Sat, Mar 30 2013 12:00 PM Posted By: Richard Peña
Editor’s note: Richard Peña is on vacation. This column was first published in 2004.
One of my favorite sisters-in-law, Annette Smith, who lives in Mississippi, has been asking me periodically for the past 50 years why we live in California. Why not move to Mississippi or Texas or some other place?
I, of course, give the usual answers: the weather, the ocean, the mountains, the desert.
She, as well as some of the other folks, can understand most of those reasons. But when we mention the desert, they are apt to grimace and wonder why anyone would want to live near a desert, or worse yet, in one.
Aha! These are the folks who have never been to Borrego Springs. We took a ride to the Anza-Borrego State Park one day last week. We were told that the desert flowers may be in bloom. Since this is a season that lasts only a few days, we thought we would capitalize on it. On top of that, our son, David, was here with one of those big SUV’s that he sometimes rents. And, since it was his idea to drive us there, how could we refuse?
I asked him to take the route through Ramona and then over the mountains into the desert. I always liked that road, the one that winds through the rock strewn mountains as it makes it way from an altitude of 4,000 feet to zero at the desert floor.
After each turn of the winding road, one can see the village of Borrego below, each time appearing a little closer, until finally we enter the town itself.
We sometimes wonder what those early settlers must have thought when they first came upon this site.
Here were these poor, uninformed farmers from the Mid-West, those parts around St. Joe or St. Louis, who had never seen anything but the plains of Missouri or Illinois — land that is as flat as a billiard table — suddenly thrust upon a scene that took the combined effort of nature and a Divine Being. It probably was enough to boggle the mid-western mind.
Borrego, you might know, was named for the long-horned sheep which once roamed the area. Borrego, spelled with one “r,” is Spanish for sheep.
We have been making periodic journeys to this desert area for more than 50 years. In the beginning, when we had kids at home, we camped. The campgrounds around this park can range anywhere from well-equipped sites to those lacking any semblance of amenities.
We stayed in all of them.
In later years, when we were alone, we even splurged once and stayed at Ram’s Hill, one of the better golf resorts in the desert. The idea, however, at each of our visits was to see what it was that nature had in store for us this time.
The other day, our quest was the wildflowers that are so spectacular they sometimes appear in national publications. Unfortunately, we were a bit early. There were some, but not those magnificent scenes we have observed in previous years.
Feeling a bit adventurous, we took one of the off-roads.
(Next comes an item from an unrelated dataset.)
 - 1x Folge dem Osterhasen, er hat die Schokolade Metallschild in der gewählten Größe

This one had a name, Henderson, but it was not much of a road.
It is one of those one-lane unmaintained roads that one finds all about the valley floor.
I should not say unmaintained. The maintenance consists of the many cars, trucks and other vehicles that pass over it daily. The road has a number of turn-offs that folks looking for vegetation use for mini hikes.
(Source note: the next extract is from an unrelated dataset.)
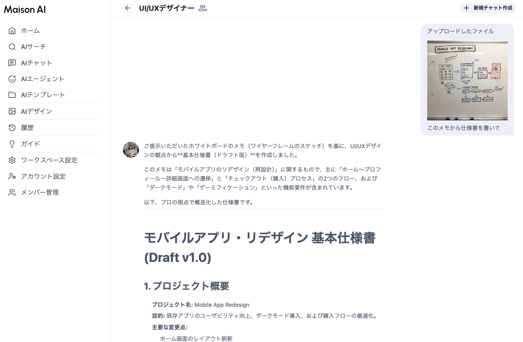 誰でも簡単に扱えるUIと、実務に直結する実践的な機能を備えることで、Maison AIは商品企画やマーケティング、社内資料作成など、日々の業務における創造性と生産性の向上を後押しします。
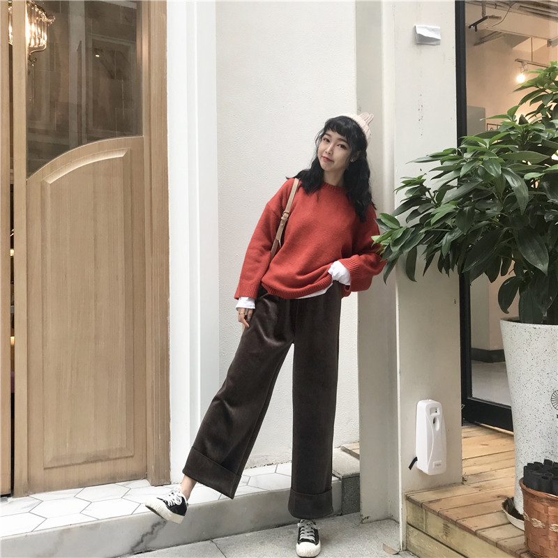 / 秋冬韓版復古寬松百搭加厚天鵝絨闊腿褲高腰直筒褲九分褲休閑褲女

We found quite a few of what they call lavender verbena and yellow primrose. These, particularly the former, make a pleasant picture especially when they are framed next to the San Ysidro chain of mountains that borders the park to the north.
It seems strange to imagine that, right on the other side of the ridge, is Riverside County, teeming with active population.
From the primitive, we went to the elegant with a lunch at La Casa del Zorro.
This establishment dates back to 1937. Much of the history of the entire park may be found within the walls of this resort since many parts of the present structure are from the original building.
In some of the literature we have read, some San Diego civic leaders at one time had the vision of developing Borrego into another Palm Springs. For whatever reasons, that never happened. It has remained one of the few places in our environs where one can see nature in the raw. The one-hour plus drive is well worth the effort. I wish I could get my sister-in-law there.